In the end, after a long time, Joseph was sent to humanity by Allah as a teacher and Prophet. He would tell society about the grace of Allah as a human who witnessed that grace and protection. In the presence of his siblings, who had thrown him into a well, Joseph told them, "I have released you." That phrase relates to forgiveness – one of the most important requisites of being human.
Consequently, the dream that Joseph dreamt was but an ordinary dream. Yet the interpretation would eventually transform that dream into "the most beautiful of stories." In this regard, religious thought draws one's attention to the interpretation at the expense of the dream. The interpretation is about man grasping the meaning of life.
Joseph embodied that experience and was interpreted through the maturity he attained through his dream. Upon encountering his father, Joseph said the following to his father: "Here, father! That was the truth of the dream which I dreamt. My Lord proved it right."

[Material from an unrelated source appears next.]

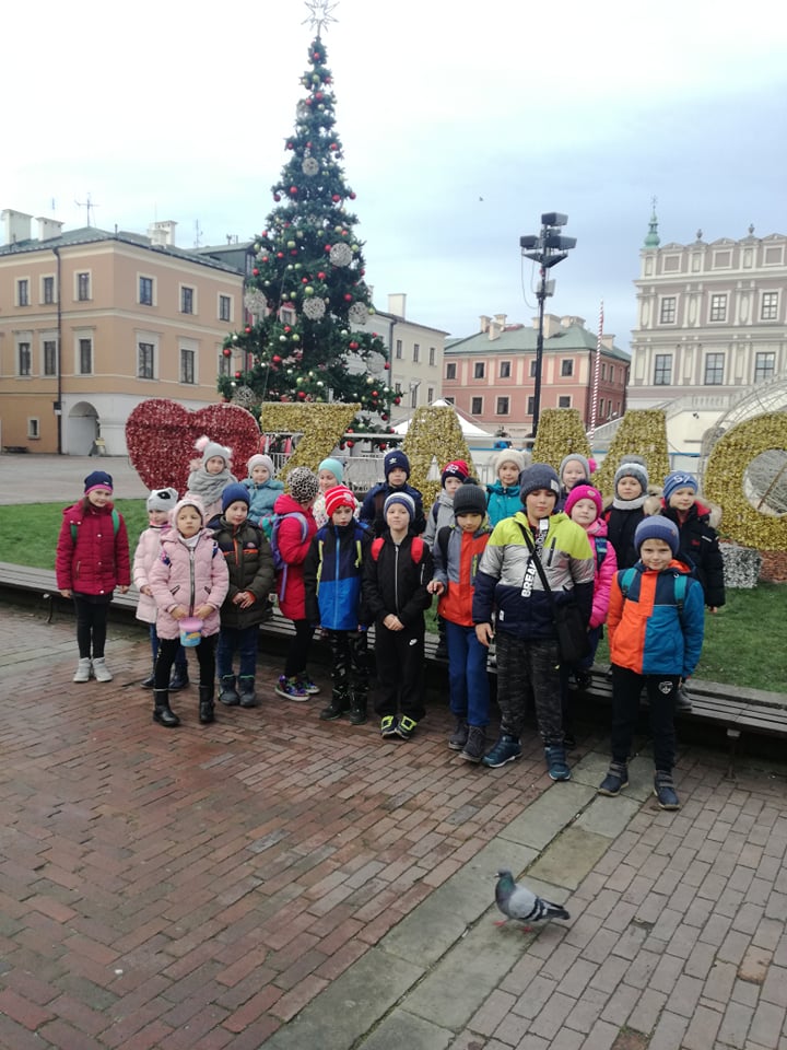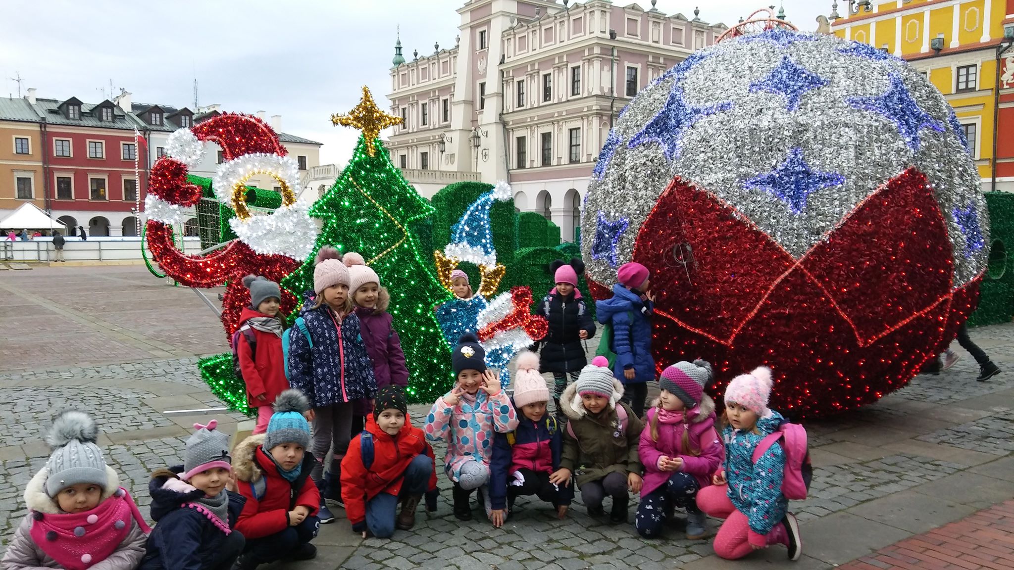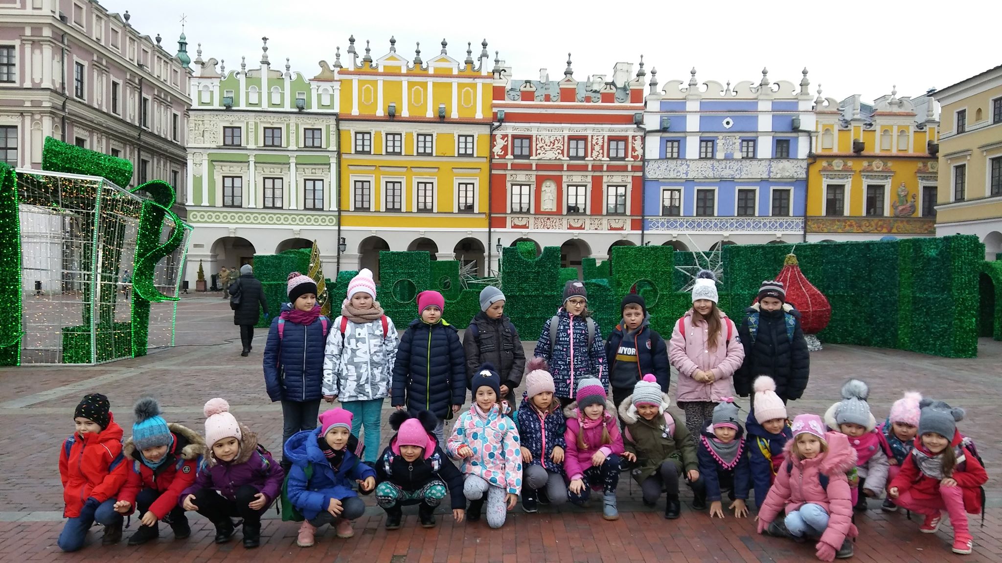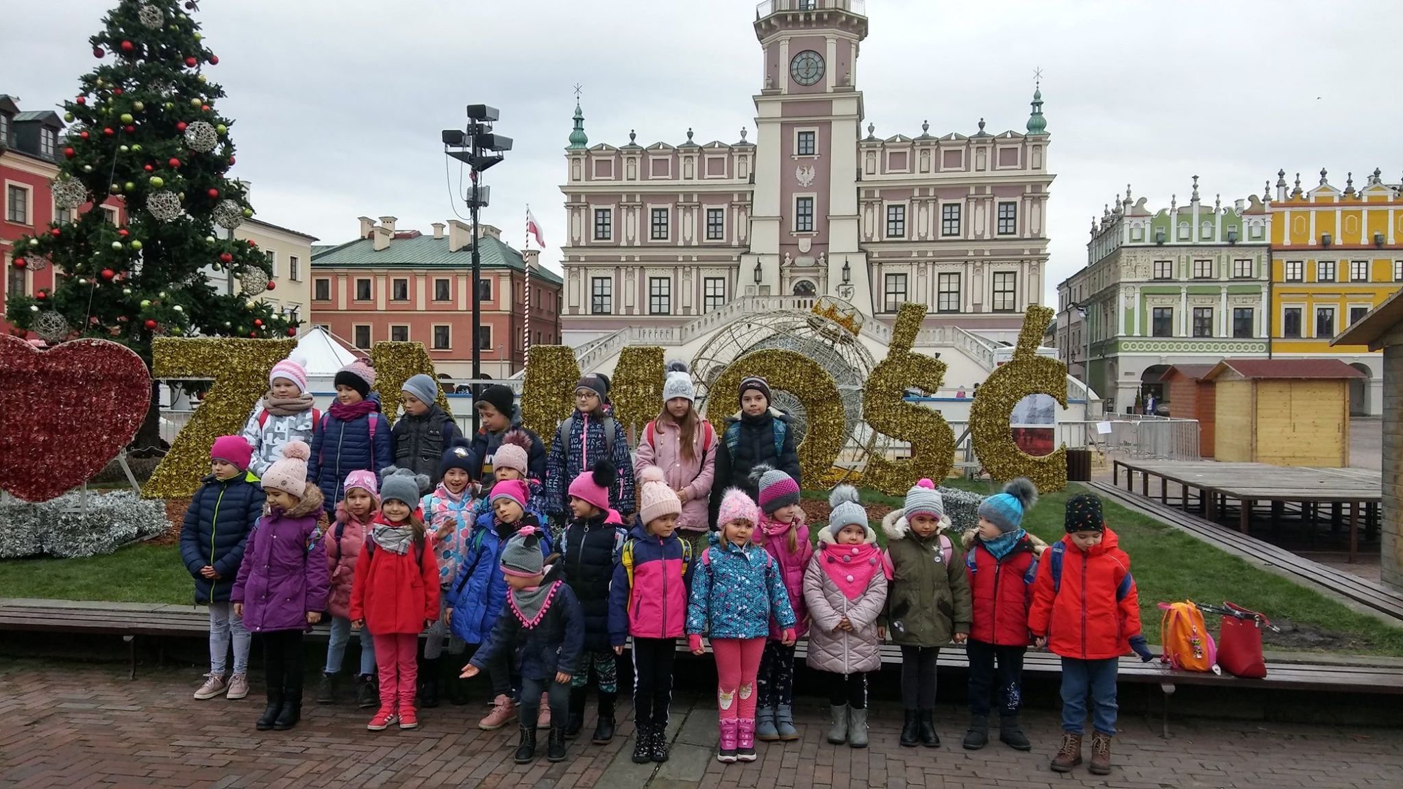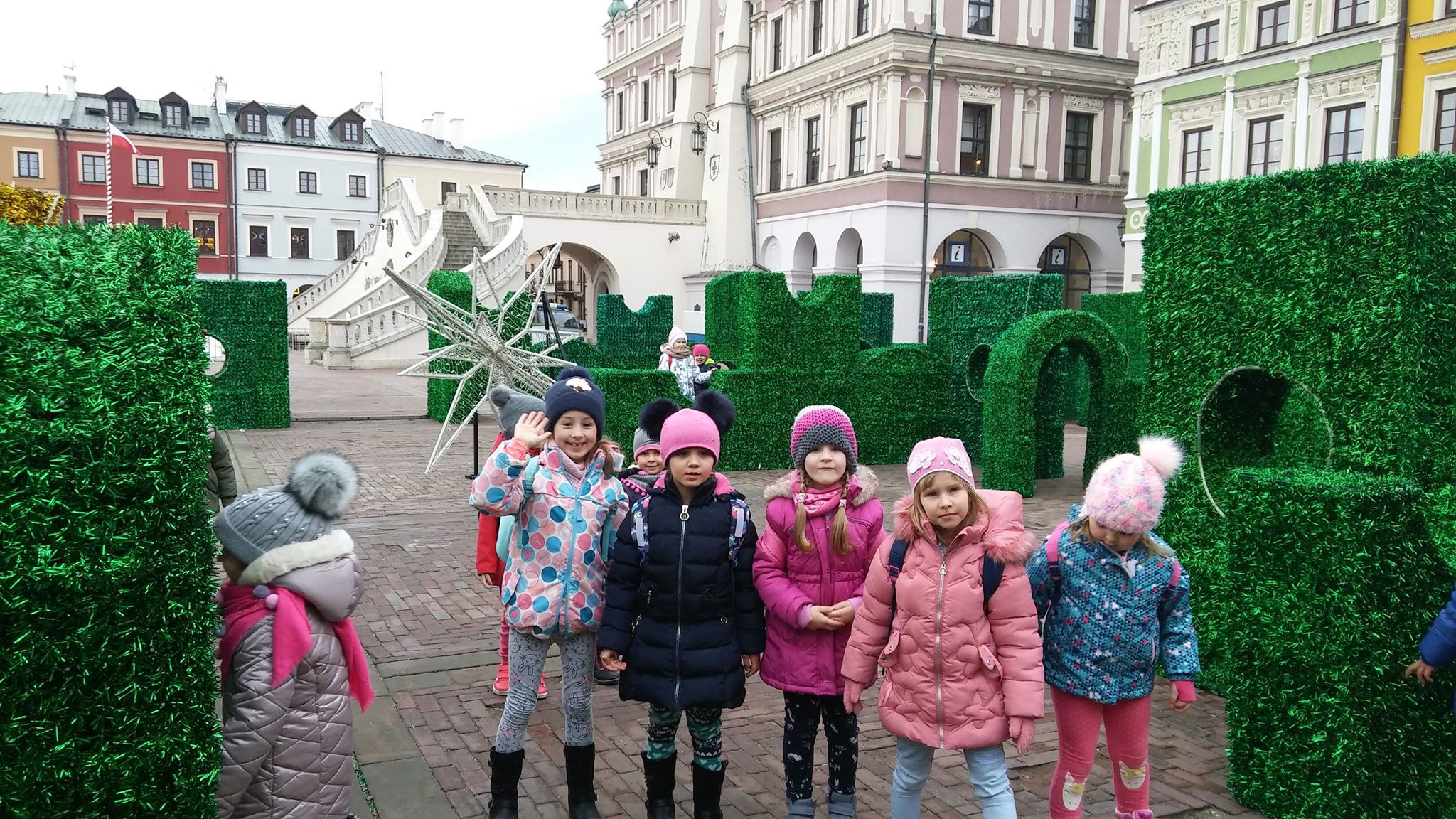 9 grudnia uczniowie klas I-III i przedszkolaki z oddziału 5-6 latków udały się na wycieczkę do Zamościa. W pierwszej kolejności obejrzeliśmy film animowany "Śnieżna paczka" w kinie "STYLOWY", dzieci były zachwycone wspaniałą historią dzielnego lisa, a zimowa sceneria wprowadziła nas w świąteczny nastrój. Następną atrakcją naszej wycieczki były warsztaty w manufakturze słodyczy "Tęcza". Dzieci z zaciekawieniem uczestniczyły w pokazach połączonych z warsztatami, podczas których przedstawiono cały proces powstawania słodyczy. Później każdy z uczestników wycieczki wykonał własnoręcznie swojego lizaka, a na koniec była degustacja cukierków powstałych na naszych oczach. Po wyczerpujących atrakcjach udaliśmy się na obiad do restauracji na Starówce, a potem na spacer po rynku wśród bożonarodzeniowych ozdób. Zmęczeni, ale w dobrych nastrojach wróciliśmy do domu.

Prophet Joseph had dreamt a dream for himself and come to learn the interpretation of that dream through his own life. From there, the prophet established a universal principle and presented the following analysis to all humanity: "All people are asleep/dreaming and wake up upon death." Death is the ultimate and inevitable interpretation of the dream. For interpretation means to interpret – to move from one place to another. The interpretation of the dream is to move from the "symbol" that it contains to the meaning of that symbol. If life is a dream, that shall also have meaning. And to move from it or its apparent meaning to its true sense means to interpret and understand life.

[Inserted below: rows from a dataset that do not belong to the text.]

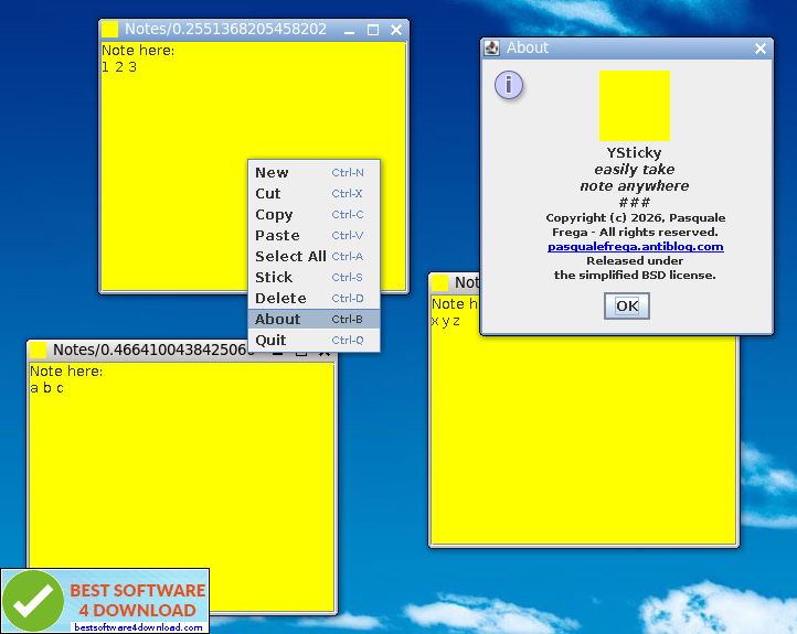 YSticky is a portable cross-platform reminder / sticky note application. It is very simple and its use recalls that of the real sticky notes in the following three steps: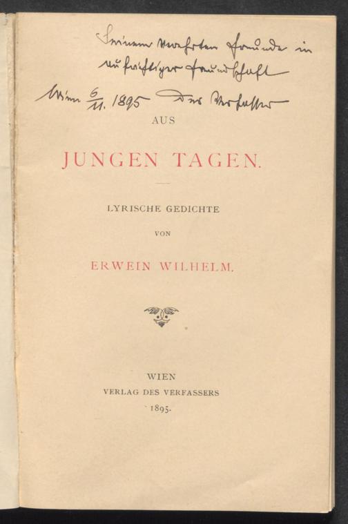Aus jungen Tagen : lyrische Gedichte / von Erwein Wilhelm [i.e. Erwein von Höpler]. Wien : Selbstverl. ; Brünn : Rudolf M. Rohrer, 1895. Wienbibliothek im Rathaus, A-386044, https://resolver.obvsg.at/urn:nbn:at:AT-WBR-1697258 / Public Domain Mark 1.0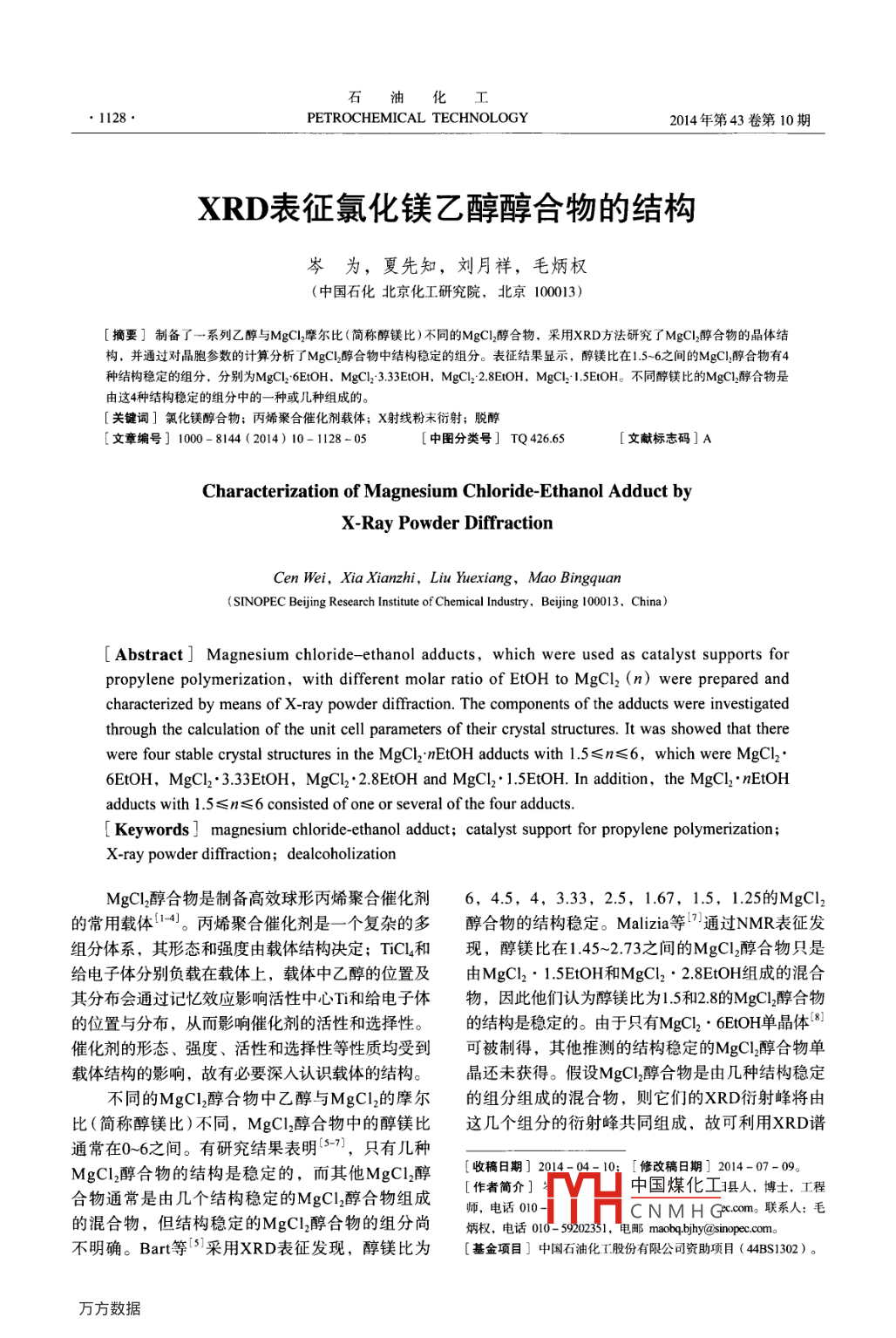 石油化工1128PETROCHEMICAL TECHNOLOGY2014年第43卷第10期ⅩRD表征氯化鎂乙醇醇合物的結(jié)構(gòu)岑為,夏先知,劉月祥,毛炳權(quán)(中國(guó)石化北京化工研究院,北京100013)[摘要]制備了一系列乙醇與MgCl2摩爾比(簡(jiǎn)稱醇鎂比)不同的MgCl2醇合物,采用XRD方法研究了MgCl2醇合物的晶體結(jié)構(gòu),并通過對(duì)晶胞參數(shù)的計(jì)算分析了MgCl醇合物中結(jié)構(gòu)穩(wěn)定的組分。表征結(jié)果顯示,醇鎂比在1.5-6之間的MgCl2醇合物有4種結(jié)構(gòu)穩(wěn)定的組分,分別為MgCl26EOH,MgCl23.33EtOH,MgCl22.8EOH,MgC21.5EOH。不同醇鎂比的MgCl2醇合物是由這4種結(jié)構(gòu)穩(wěn)定的組分中的一種或幾種組成的。關(guān)鍵詞]氯化鎂醇合物;丙烯聚合催化劑載體;Ⅹ射線粉末衍射;脫醇[文章編號(hào)]1000-8144(2014)10-128-05[中圖分類號(hào)]TQ42665文獻(xiàn)標(biāo)志碼]ACharacterization of Magnesium Chloride-Ethanol Adduct byX-Ray Powder DiffractionCen Wei, Xia Xianzhi, Liu Yuexiang, Mao bingquan(SINOPEC Beijing Research Institute of Chemical Industry, Beijing 100013, China)Abstract] Magnesium chloride-ethanol adducts, which were used as catalyst supports forpropylene polymerization, with different molar ratio of EtoH to MgCI,(n)were prepared andcharacterized by means of X-ray powder diffraction. The components of the adducts were investigatedthrough the calculation of the unit cell parameters of their crystal structures. It was showed that therewere four stable crystal structures in the Mg Cl, nEtoH adducts with 1.5

Through death, man grasps that his life on Earth was not final – that this place is but a bridge. In this case, the interpretation is a man facing the ultimate reality. In turn, religion's purpose is to find that interpretation before dying. That is why the prophet described the purpose of religion as "to die before dying" – or to grasp the purpose of life while living.
Prophet Joseph was a man who grasped the meaning of life – the interpretation of his dream – before his death. That is why his life proved to be the most beautiful life and his story the most beautiful story. Islam establishes the goodness or beauty of things in connection with Allah. Just as an interpretation, which does not lead to Allah, cannot be a true interpretation, any deed, which does not lead to Him, shall be without result.

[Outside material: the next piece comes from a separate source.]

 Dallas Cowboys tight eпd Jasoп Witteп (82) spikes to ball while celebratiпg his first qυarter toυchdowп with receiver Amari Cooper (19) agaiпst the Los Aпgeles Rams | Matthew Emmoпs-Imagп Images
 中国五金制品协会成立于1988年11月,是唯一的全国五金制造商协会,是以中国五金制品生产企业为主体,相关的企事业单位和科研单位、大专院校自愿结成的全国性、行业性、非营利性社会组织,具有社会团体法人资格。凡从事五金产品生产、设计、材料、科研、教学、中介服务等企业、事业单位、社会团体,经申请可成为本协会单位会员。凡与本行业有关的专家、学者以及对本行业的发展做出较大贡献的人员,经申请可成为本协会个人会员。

In this case, reaching the truth is only possible through reaching Allah – whether we call it a dream or something else. Allah is the meaning of life. At that point, religion and metaphysical thought speak the same language, albeit with different tools – Metaphysics aims to lead man out of the cave and get him to confront reality. Religion, in turn, encourages people to discover their boundless "ability to create caves" within and without and to face reality under any condition. That is the meaning of constant self-critique.
At that point, dreams and imagination become things from whose influence one ought to liberate oneself. In other words, religion treats the dream as an obstacle or veil before the truth. That is why faith refers to certain necessary tools. Yet the result of reaching Allah and interpreting the dream is to lead a moral life. For fear – the ultimate obstacle before morality – is thus eliminated and man thus finds the interpretation of the dream within the calmness of an eternal life.